* splice vs truncate lockdep splat
@ 2016-03-20 13:43 Sage Weil
2016-03-20 23:16 ` Dave Chinner
0 siblings, 1 reply; 3+ messages in thread
From: Sage Weil @ 2016-03-20 13:43 UTC (permalink / raw)
To: xfs
Hi all,
For the last few kernel releases we've been seeing this pretty regularly:
======================================================
[ INFO: possible circular locking dependency detected ]
4.5.0-rc3-ceph-00790-g2364ac5 #1 Not tainted
-------------------------------------------------------
tp_fstore_op/25647 is trying to acquire lock:
(&sb->s_type->i_mutex_key#19){+.+.+.}, at: [<ffffffffa0574bad>] xfs_file_buffered_aio_write+0x6d/0x300 [xfs]
#012but task is already holding lock:
(&pipe->mutex/1){+.+.+.}, at: [<ffffffff8126347d>] pipe_lock+0x1d/0x20
#012which lock already depends on the new lock.

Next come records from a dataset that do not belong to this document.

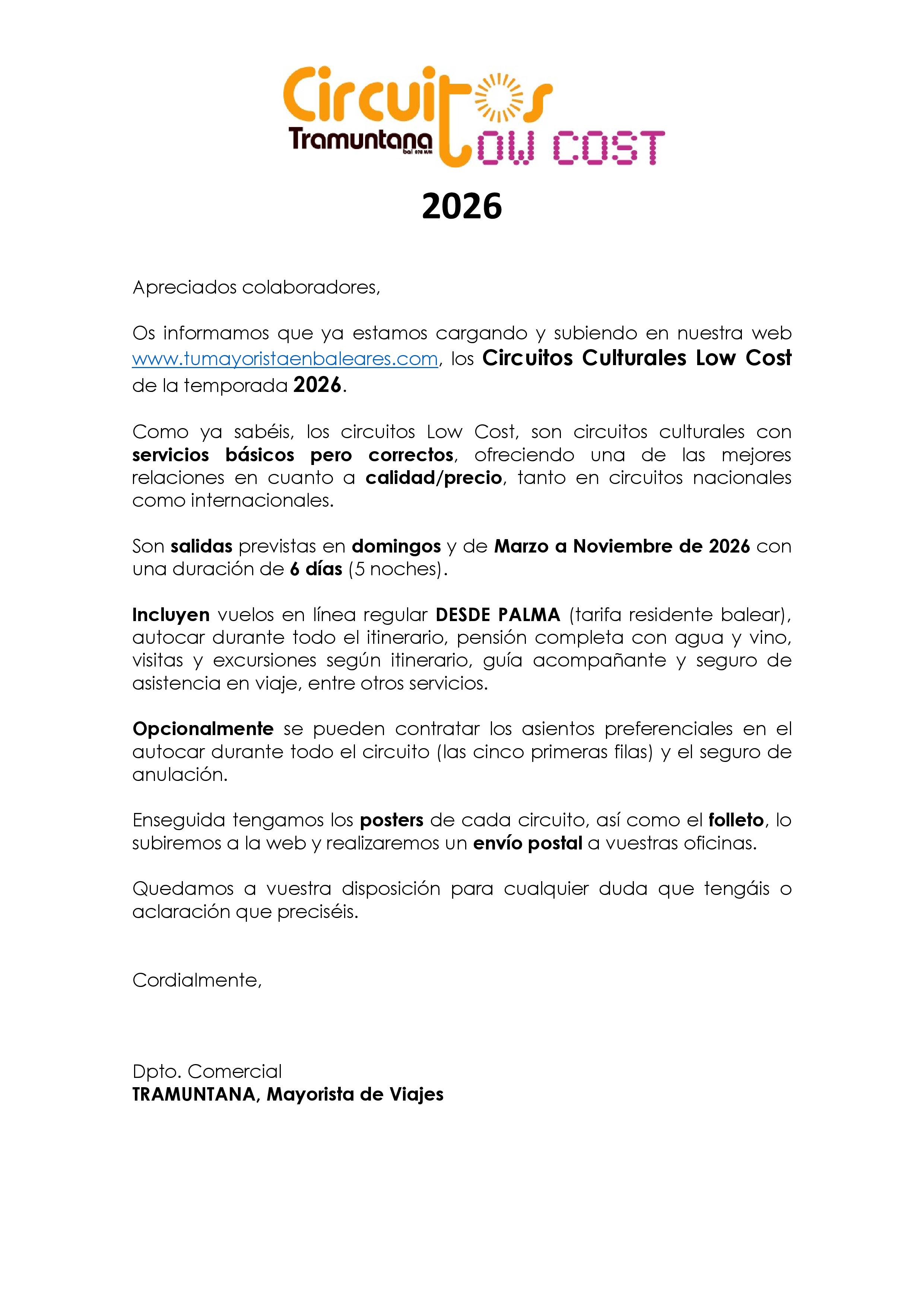 Circuitos LOW COST 2026 por España y Portugal · Salidas en vuelo regular desde Palma
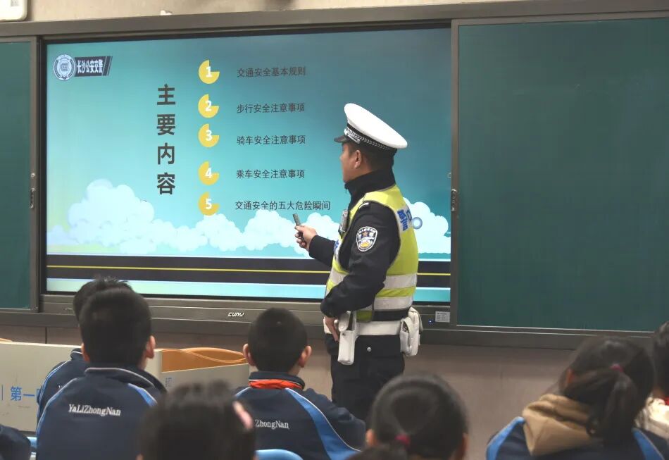 为增强学生安全意识,提升自我保护能力,筑牢校园安全防线,我校于2月11日特邀岳麓区交警大队四中队陈照雄警官走进校园,开展了以“警官宣讲进校园,安全教育伴我行”为主题的安全教育活动,为全校师生带来了一堂生动实用的安全教育课。
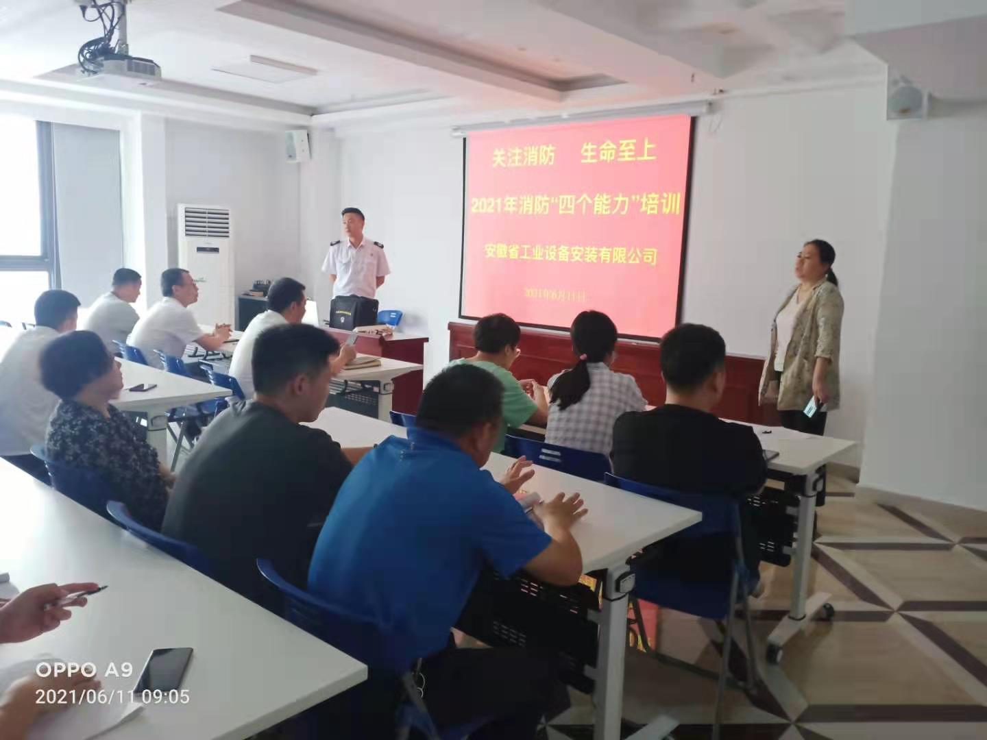 為進(jìn)一步加強(qiáng)公司機(jī)關(guān)全體員工消防安全意識,提高員工自我防范和自救互救能力,6月11日上午,安徽安裝公司以“安全生產(chǎn)月”活動為契機(jī),特邀消防培訓(xùn)中心教官為公司職工進(jìn)行了一場生命至上消防“四個能力”安全知識技能培訓(xùn)。公司副總經(jīng)理李原應(yīng)邀出席本次培訓(xùn),機(jī)關(guān)各部門40余名職工參加了培訓(xùn)。
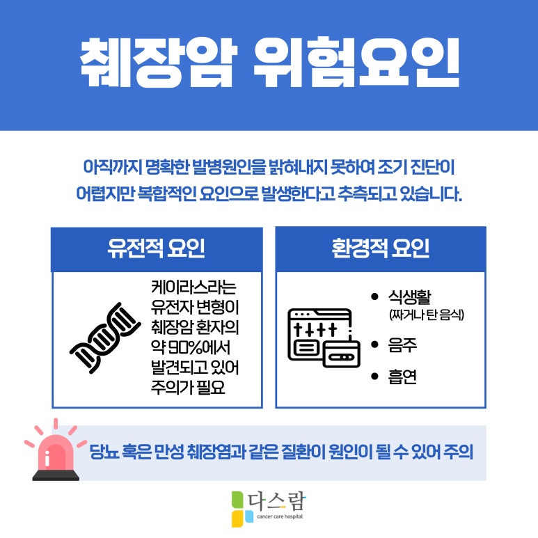 1. 유전적 요인 : 췌장암 환자의 약 5~10%는 유전적 요인과 관련이 있습니다. 췌장암에서 흔히 발견되는 유전자 변형인 케이라스는 암세포의 성장을 촉진하고 항암제에 대한 저항성을 높입니다.
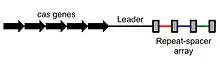 The CRISPR array is made up of an AT-rich leader sequence followed by short repeats that are separated by unique spacers.[74] CRISPR repeats typically range in size from 28 to 37 base pairs (bps), though there can be as few as 23 bp and as many as 55 bp.[75] Some show dyad symmetry, implying the formation of a secondary structure such as a stem-loop ('hairpin') in the RNA, while others are designed to be unstructured. The size of spacers in different CRISPR arrays is typically 32 to 38 bp (range 21 to 72 bp).[75] New spacers can appear rapidly as part of the immune response to phage infection.[76] There are usually fewer than 50 units of the repeat-spacer sequence in a CRISPR array.[75]
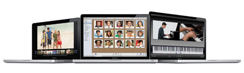 Macの新しいラインアップも披露された。今回発表したのはノート型で、「MacBook Pro」に新たに13.3型ワイド液晶搭載モデルを追加。このほか、従来モデルと同様の画面サイズ15.4型、17型ワイド液晶搭載モデルと、薄型・軽量ボディで13.3型ワイド液晶を搭載した「MacBook Air」の性能を強化した。
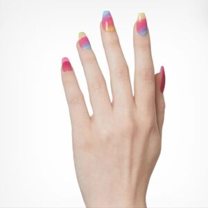 2) The Motto - Kiss Vibrant multicolor coffin press on medium length nails.
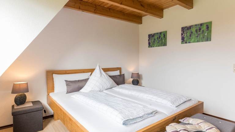 Die Ferienwohnung verfügt über zwei Schlafzimmer und ein Badezimmer. Zur Ausstattung gehören Bettwäsche, Handtücher, ein TV mit Satellitenkanälen und eine voll ausgestattete Küche. Zudem gibt es eine Terrasse mit Seeblick, die den Gästen zusätzliche Erholungsmöglichkeiten bietet.
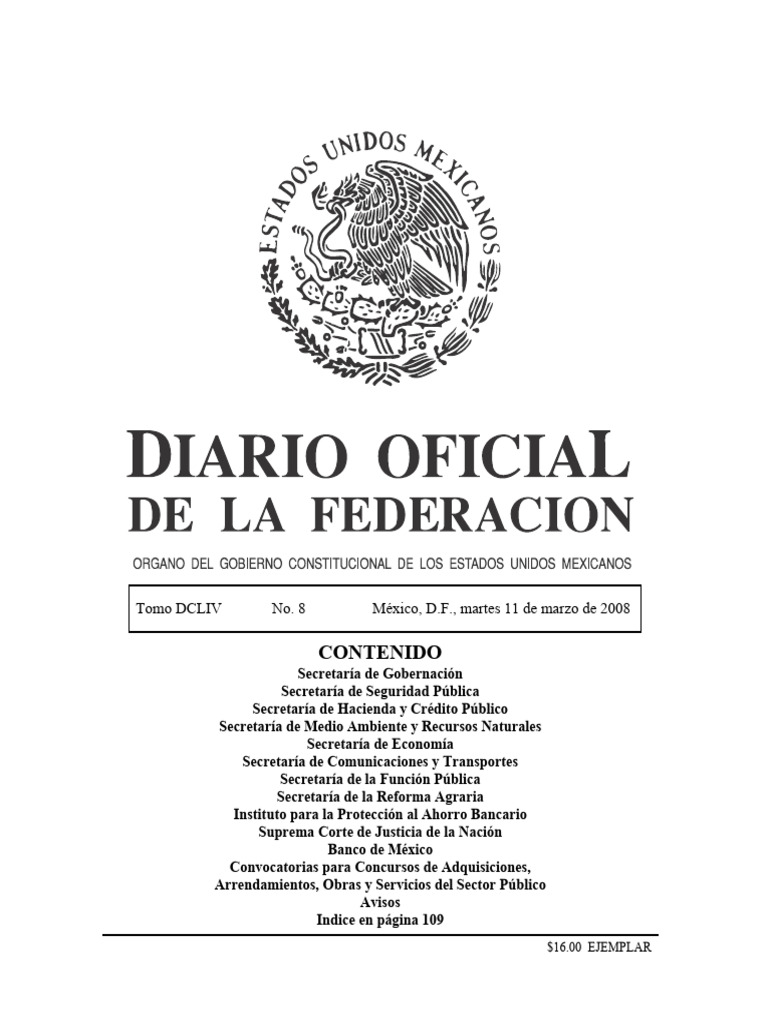 Contenido: Tomo Dcliv No. 8 México, D.F., Martes 11 de Marzo de 2008
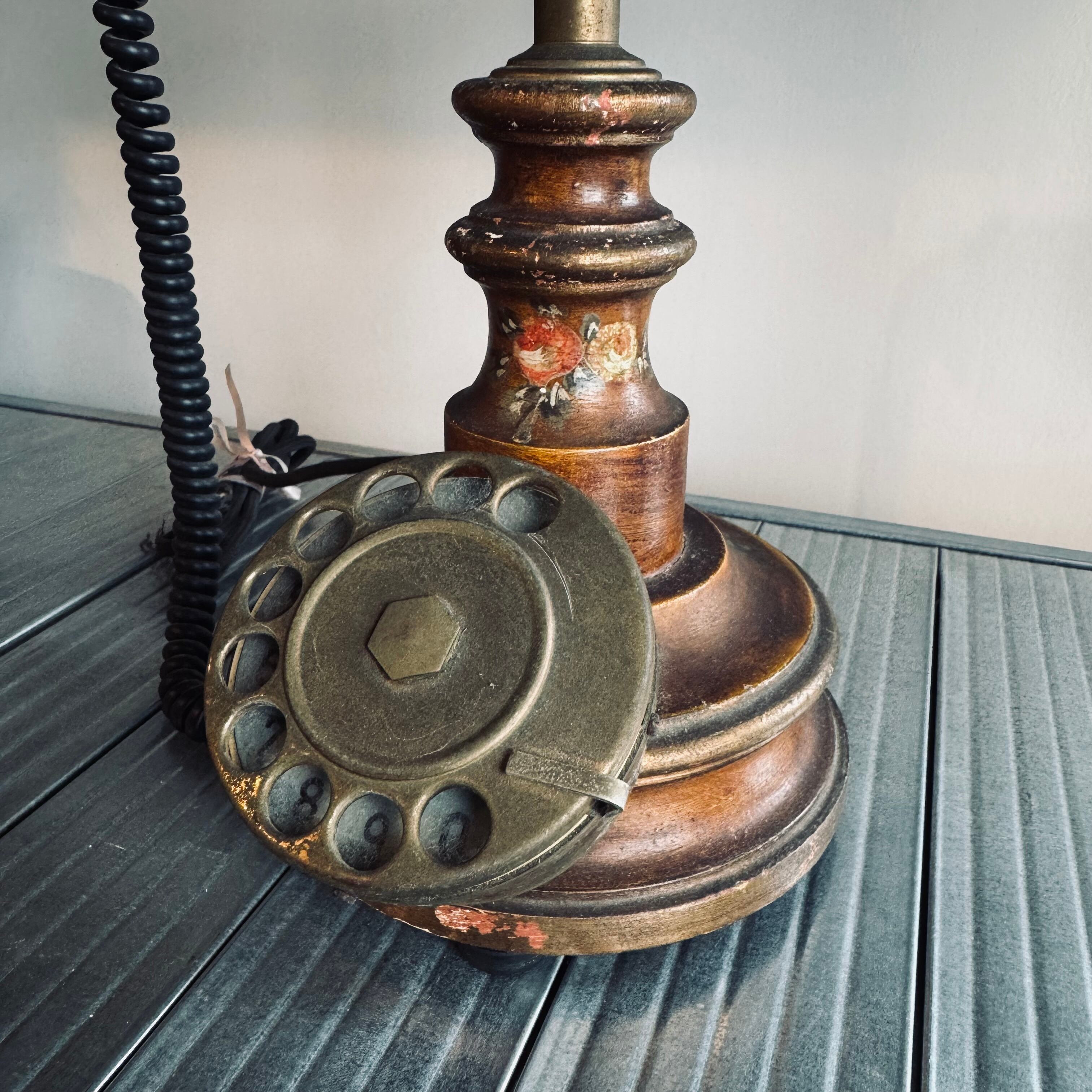 1番の魅力は、木製の本体に描かれた可愛らしい花柄です。時代とともに少し褪せながらも電話器自体の優しい表情を引き出しています。インテリアとしてはもちろん、電話線があるので実際に使用することもできます。

#012the existing dependency chain (in reverse order) is:
#012-> #2 (&pipe->mutex/1){+.+.+.}:
[<ffffffff81100842>] lock_acquire+0x162/0x1b0
[<ffffffff817d77c9>] mutex_lock_nested+0x79/0x380
[<ffffffff8126347d>] pipe_lock+0x1d/0x20
[<ffffffff81290d20>] splice_to_pipe+0x30/0x250
[<ffffffff81292379>] __generic_file_splice_read+0x4f9/0x620
[<ffffffff812924de>] generic_file_splice_read+0x3e/0x70
[<ffffffffa05738d4>] xfs_file_splice_read+0x194/0x220 [xfs]
[<ffffffff812912da>] do_splice_to+0x6a/0x80
[<ffffffff812934e1>] SyS_splice+0x6c1/0x720
[<ffffffff817da4b2>] entry_SYSCALL_64_fastpath+0x12/0x76
#012-> #1 (&(&ip->i_iolock)->mr_lock){++++++}:
[<ffffffff81100842>] lock_acquire+0x162/0x1b0
[<ffffffff810fa37f>] down_write_nested+0x4f/0x80
[<ffffffffa058106d>] xfs_ilock+0xed/0x1b0 [xfs]
[<ffffffffa05801c0>] xfs_vn_setattr+0x30/0x70 [xfs]
[<ffffffff8127a09d>] notify_change+0x1ed/0x320
[<ffffffff8125843c>] do_truncate+0x7c/0xc0
[<ffffffff81258843>] do_sys_ftruncate.constprop.12+0x153/0x170
[<ffffffff8125889e>] SyS_ftruncate+0xe/0x10
[<ffffffff817da4b2>] entry_SYSCALL_64_fastpath+0x12/0x76
#012-> #0 (&sb->s_type->i_mutex_key#19){+.+.+.}:
[<ffffffff810ff57e>] __lock_acquire+0x13be/0x1e30
[<ffffffff81100842>] lock_acquire+0x162/0x1b0
[<ffffffff817d77c9>] mutex_lock_nested+0x79/0x380
[<ffffffffa0574bad>] xfs_file_buffered_aio_write+0x6d/0x300 [xfs]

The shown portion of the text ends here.